We must do better, and we can. We can remove the political correctness barrier but only by voting in sufficient numbers to defeat all of the politicians who take refuge in it instead of debating and creating the policies necessary to defeat the terrorists. That might happen in November, and it might not.

Dealing with the terrorists at home, we have to remember what Ben Franklin wrote in 1755 in another context. Franklin wrote, “Those who would give up essential Liberty, to purchase a little temporary Safety, deserve neither Liberty nor Safety.” We can heed Franklin’s admonition and still do a far better job of defeating terrorists abroad and protecting ourselves from them at home.

What we do abroad will lessen attacks at home. ISIS, al Qaeda and the rest believe themselves safe from our attacks. And they’re right, as long as we allow them safe havens and fight them half-heartedly in the manner Mr. Obama chooses.

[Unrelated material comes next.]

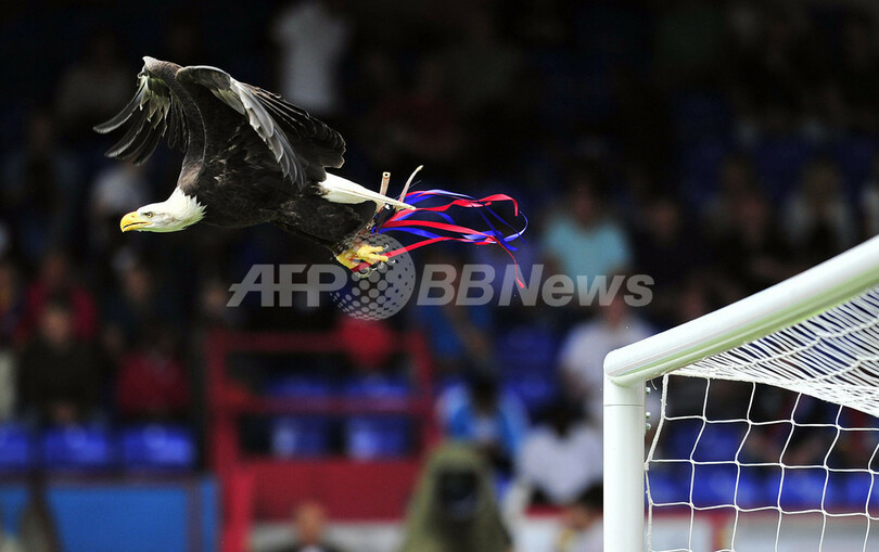 試合開始前に空を飛ぶクリスタルパレスのチームマスコットのケイラ(Kayla、2013年8月18日撮影)。(c)AFP/GLYN KIRK

We need to fight the war on our terms, not theirs. No nation should be allowed to grant terrorists safe haven, nor to fund, man or arm them. Our aircraft and special operations troops should attack terrorists whenever and wherever they are found. All our financial expertise should be turned to preventing any nation or company from doing business with them.

Just as importantly, we need to throw away the limits on our intelligence and psychological warfare forces imposed by political correctness. Central to our effort must be to fight the ideological war the enemy has fought at least since Osama bin Laden’s 1996 fatwa that declared war on America. When Mr. Obama and Mrs. Clinton refuse to even say — despite overwhelming evidence to the contrary — that Islam is the motivation for terrorist attacks such as the Orlando nightclub massacre, they are helping the enemy fight the ideological war.

At home, there are lines we must not cross. We can enable our intelligence apparatus and protect Americans’ rights just as Franklin admonished us to.

Intelligence is, and will always be, the most powerful weapon we have in this war. It’s simply dumb to deny the National Security Agency and the FBI the ability to conduct surveillance of people who aren’t U.S. citizens even while on U.S. soil. If the Foreign Intelligence Surveillance Act needs to be modified to enable that surveillance without infringing on Fourth Amendment rights, it should be done. The FISA programs run by the CIA and NSA during the Bush years need to be restored.

As John Brennan also said last week, ISIS and other terrorist networks are infiltrating terrorists among refugees. Mr. Comey said months ago that we have no means of vetting refugees for connections to terrorism. Under those circumstances, it is sheer madness to be admitting refugees from terrorist-dominated nations such as Syria.

Expanding the powers of law enforcement and limiting immigration from those nations lessen the danger of more terrorist attacks here, but they are no defense against attacks by U.S. citizens such as Mateen. As long as people such as he can hide among unassimilated Muslims, these attacks will continue.

Political correctness is deadly in wartime. Old Ben was right, but we can heed his admonition without losing our freedoms or our nation.

Jed Babbin served as a deputy undersecretary of defense in the George H.W. Bush administration. He is a senior fellow of the London Center for Policy Research and the author of “In the Words of Our Enemies.”